Your goal: Beginning with the line that holds "and Subahu. |" and finishing with the line that holds "Regular Fit Bisiklet", repeat the listing exactly, leaving every picture out.

++++

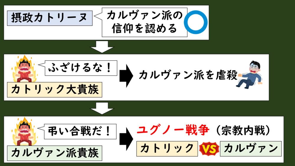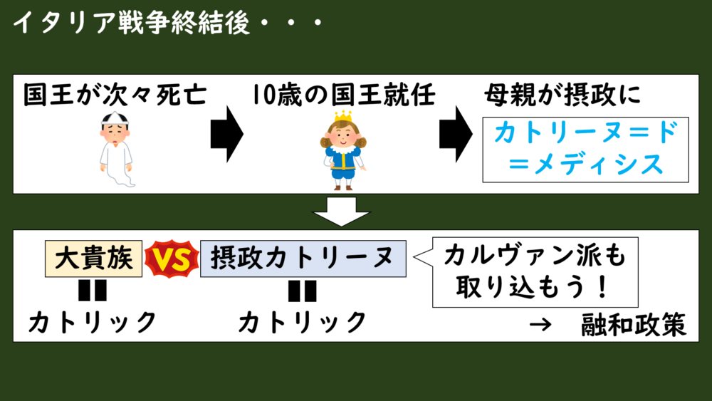実権を握ったカトリーヌ=ド=メディシスはカトリック教徒だったんですが、当時、王族を脅かすほどの強大な勢力を持つカトリック貴族に対抗するため、ユグノー派に協力的な姿勢を見せていたんです。
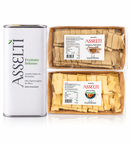 Set ASSELTI® Origine Italia – 1 x Ulei de masline extravirgin 1L Fruttato Intenso + 2 x Pappardelle (ou + porcini) 250g, produse premium italiene
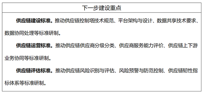 主要包括供應鏈風險識別與評估、風險預警與防範控製等風險評估標準;供應鏈韌性指標體係、測試與評估方法等性能評估標準。
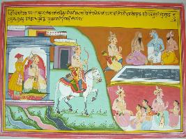 | Description / विवरण | Miniature painting based on Harivansha depicting Raja Kunupriya sitting in the right side of the painting. He is seen riding a horse and meet three sages. In the lower part he is sitting with his four sons-Ghanuwa, Sughantu, Parishat and Subahu. |
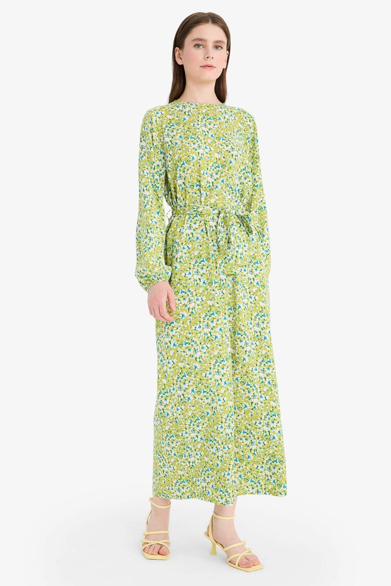 Regular Fit Bisiklet Yaka Çiçek Desenli Uzun Kollu Maxi Elbise
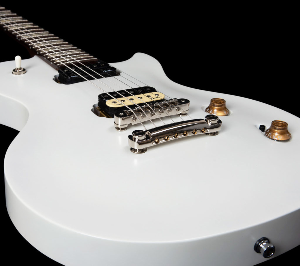 The chambered Canadian Laurentian Basswood body is not only vibrant and responsive, but extremely lightweight as well. In addition, the body has a Carved Maple top for added bite to your tone and a comfortable Silver Leaf Maple set-neck with Rosewood fretboard.
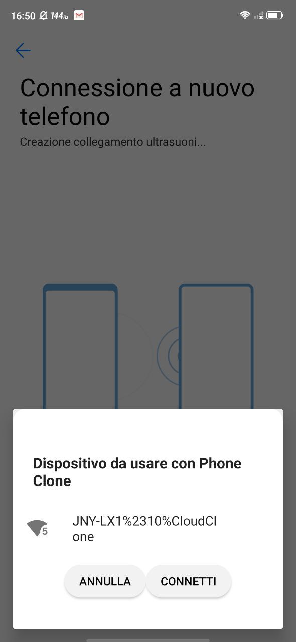 - Inquadrate col vecchio smartphone tale QR Code e in un secondo inizierà il primo tentativo di collegamento, una volta individuato lo smartphone vi comparirà in un pop-up chiedendovi conferma di connessione, confermate;
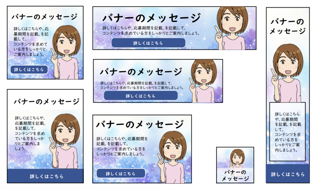 今までに作成したバナーから、別サイズを展開してもOKです。

++++

Solution for this task:
 | Description / विवरण | Miniature painting based on Harivansha depicting Raja Kunupriya sitting in the right side of the painting. He is seen riding a horse and meet three sages. In the lower part he is sitting with his four sons-Ghanuwa, Sughantu, Parishat and Subahu. |
 Regular Fit Bisiklet Yaka Çiçek Desenli Uzun Kollu Maxi Elbise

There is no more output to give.